When I think of influential characters, a long list of amazingly written fictional men and women comes to mind. However, when it comes down to it, the character of Alec Lightwood from Cassandra Clare’s award-winning The Mortal Instruments has had the most profound an effect on me. If you’re familiar with the series, you will hopefully understand what I mean. If you’re not, well all I hope is that I can do an extremely complex and beautifully written character the justice he warrants.
I think Alec is particularly relatable to the primarily teenage audience of the books because he, more than any other of the book’s characters, is still figuring out who he is. This self-discovery is a journey young people are continually travelling and it is refreshing to find a character who is not so ‘finished’ or self-assured in himself and who he is. The vast majority of YA protagonists today are fearless, confident, reckless risk-takers. What authors are overlooking is the great appeal of the exact opposite. Alec is hesitant and fearful and careful, but he’s a hero because of those things rather than in spite of them. He rewrote my definition of what a hero is, and as someone who associated heroism with fearlessness, this new brand of warrior is extremely empowering.
Alec causes readers to challenge their own morals on the lengths we go to for those we love. I won’t give any spoilers, however I will say that Alec ultimately ends up doing something drastic in an attempt to remain with his immortal boyfriend, which he ends up paying heavily for. If there’s anything that’s intriguing, it’s a character that provokes moral questioning in the reader. How far do we go for love? And what happens when we go too far?

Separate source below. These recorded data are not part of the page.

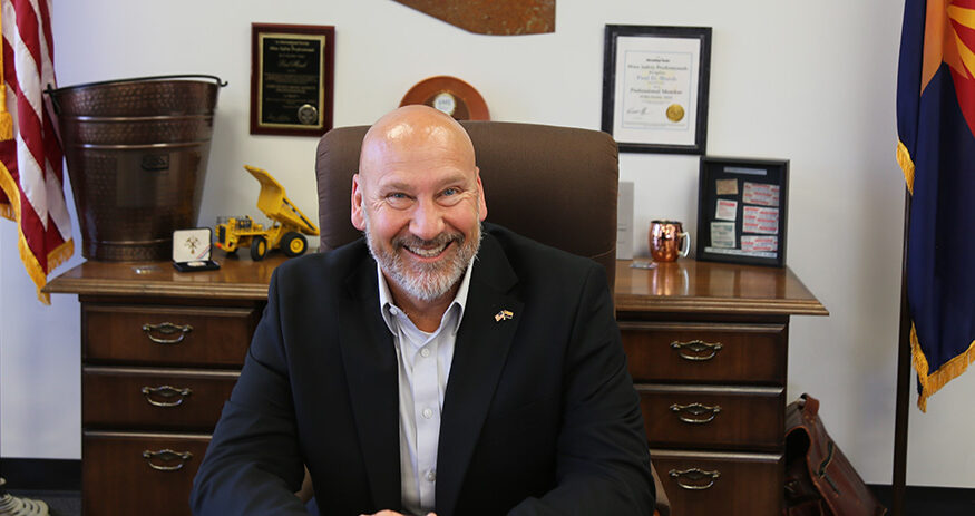 Really the state mine inspector’s office is a regulatory agency. We are an OSHA, if you will, for the mining sector. The difference is we’re very proactive. Every mine site in Arizona gets inspected at least once a year, any underground mine with more than 50 employees quarterly. The whole reason we have a mine inspector is because there was so much mining in the state in 1912. In fact, roughly one in four worked directly in a mine when we became a state. So our primary role is health and safety, to keep the miners safe, and that’s why we do the training side of things. Mining is actually safer than working in retail or education. Most people go, “wow, that’s kind of mind blowing,” but that’s because there’s proactive regulatory enforcement. There is proactive safety training. Our third duty is post-mining reclamation. So we want to make sure that when a mine on private land ceases to mine anymore that they’re not leaving holes in the ground that can hurt the citizens of Arizona. Which brings us to our last [duty] which is abandoned mine closures. Because mining was so prevalent in the state in the late 1800s through the early 1900s and there were no reclamation rules, once they stopped finding ore, they would just leave the hole. So we have an estimated 100,000 holes in the state. So there’s a lot of holes. We’re looking at new and innovative ways to close these abandoned mines to make sure that the citizens of Arizona aren’t falling into these holes and getting hurt. So those are the four primary duties of what we do. I oversee a small team. My goals on the day-to-day, I try to get into as many training classes as I can. I’m actively involved in multiple groups, ARPA, AMA, I work very closely with U of A. So while a little more time than I would like is spent here, I try to be out in the field as much as I can. I try to share my time with all the parts of the agency. That’s what I’m here to do, is support all of them, to push our team to do the best work we can to make Arizona the safest state to mine in.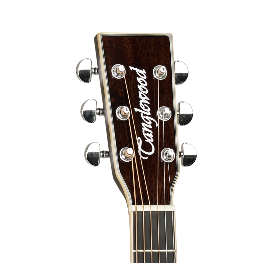 We fit Grover machines for optimum tuning, A Tanglewood Premium Plus I EQ system for live and studio capabilities, and finish the instrument in a stunning high gloss finish that we’ve christened Autumn Vintage Burst.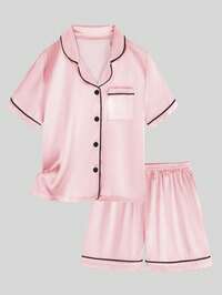 Genkimix KidsSHEIN Conjunto de pijama fofo com estampa de cereja "Chill Chill Summer" para meninas adolescentes, casual, minimalista, gola redonda, manga curta, shorts, adequado para o verão, conjunto de pijama cereja, conjunto de pijama feminino, conjunto de pijama feminino, conjunto de pijama de verão, conjunto de pijama feminino, conjunto de pijama feminino #4 Mais Vendido

In the opening book, Alec is not the protagonist’s number one fan and Clare avoids the stereotypical trend in teen fiction of vilifying any character who happens not to be the main character’s best friend. It is easy for YA authors to believe that they need to oversimplify and ‘water down’ the complexity of alliances for their audience into the main characters side and the bad side. Clare’s avoidance of this is refreshing and has gained her much respect from her readership.
Ultimately, Alec stands for some extremely powerful ideas; loyalty to family, the extent we go to for love and the importance of standing up for yourself and your beliefs in a society that doesn’t always agree with them. And that, more than anything, is what makes Alec a character I would proudly declare an admirable literary role model.